There's a slight delay between installing a solution and it being displayed in all existing organizations. To initiate a manual update, follow these steps:

  1. Sign in to the Power Platform Admin Center, using administrator credentials.
  2. Select Manage.
  3. Select Dynamics 365 Apps.
  4. Type "PowerAIExtensions" in the search bar.
  5. Select the More icon () of Microsoft Dynamics 365 - PowerAIExtensions and select Install.
  6. From the drop-down menu, select your environment and then select Install.
  7. After the installation completes, open Power Apps in a new window.
  8. Select Solutions.
  9. Select See History.
  10. Search for "PowerAIExtensions_Anchor" and ensure it's set to 1.01.688 or higher.

In the Add knowledge dialog, what is the difference between the two SharePoint options?

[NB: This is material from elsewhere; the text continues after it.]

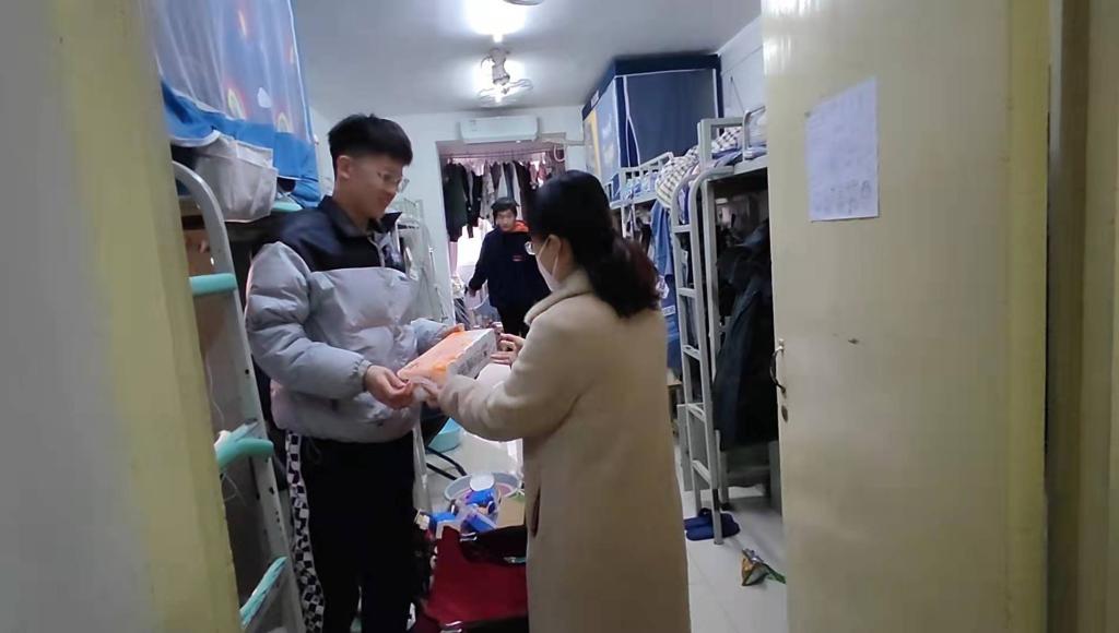 有人关怀的日子——九公寓临时党支部成员向学生分发深圳校友会捐赠物资

In the Add knowledge dialog, there are two SharePoint options. The SharePoint option in the file upload section is used to upload individual SharePoint files or folders, and enables file synchronization capabilities. The other SharePoint option provides the full support of SharePoint in Copilot Studio.

What happens when I add more than 500 knowledge objects to my agent?

You're prevented from adding any further objects unless you first delete previous objects.

Does each agent have their own index of the knowledge source?

Knowledge sources are stored in Dataverse for use in the environment they were created in. If the same SharePoint folder is used in multiple agents, a single instance of the folder is used for all the agents.

What happens if I select a folder that has more than the maximum number of files, folders, and subfolders when adding a SharePoint or OneDrive source?

Copilot Studio retrieves and indexes up to the maximum number of files, folders, and subfolders, and index those. The remaining aren't processed. Currently, there isn't any messaging to indicate what was or wasn't processed.

One of the files I added (or that was part of a folder I added) is displayed as part of the knowledge source, but I can't get answers from it. Why?

This issue could be related to one of the following reasons:

  • The file or folder is set to "Ready" on the Knowledge page.
  • Ensure that the file name doesn't include an unsupported character (specifically for SharePoint files).
  • Ensure that the file doesn't have a sensitivity setting of Confidential or Highly Confidential, or have password protection.
  • Ensure that it's a supported file type.
  • If the file or folder is from a different user's OneDrive or SharePoint site, verify that it's shared with the maker.
  • If the file is knowledge base file, ensure that your account has permissions to view the content in the source system.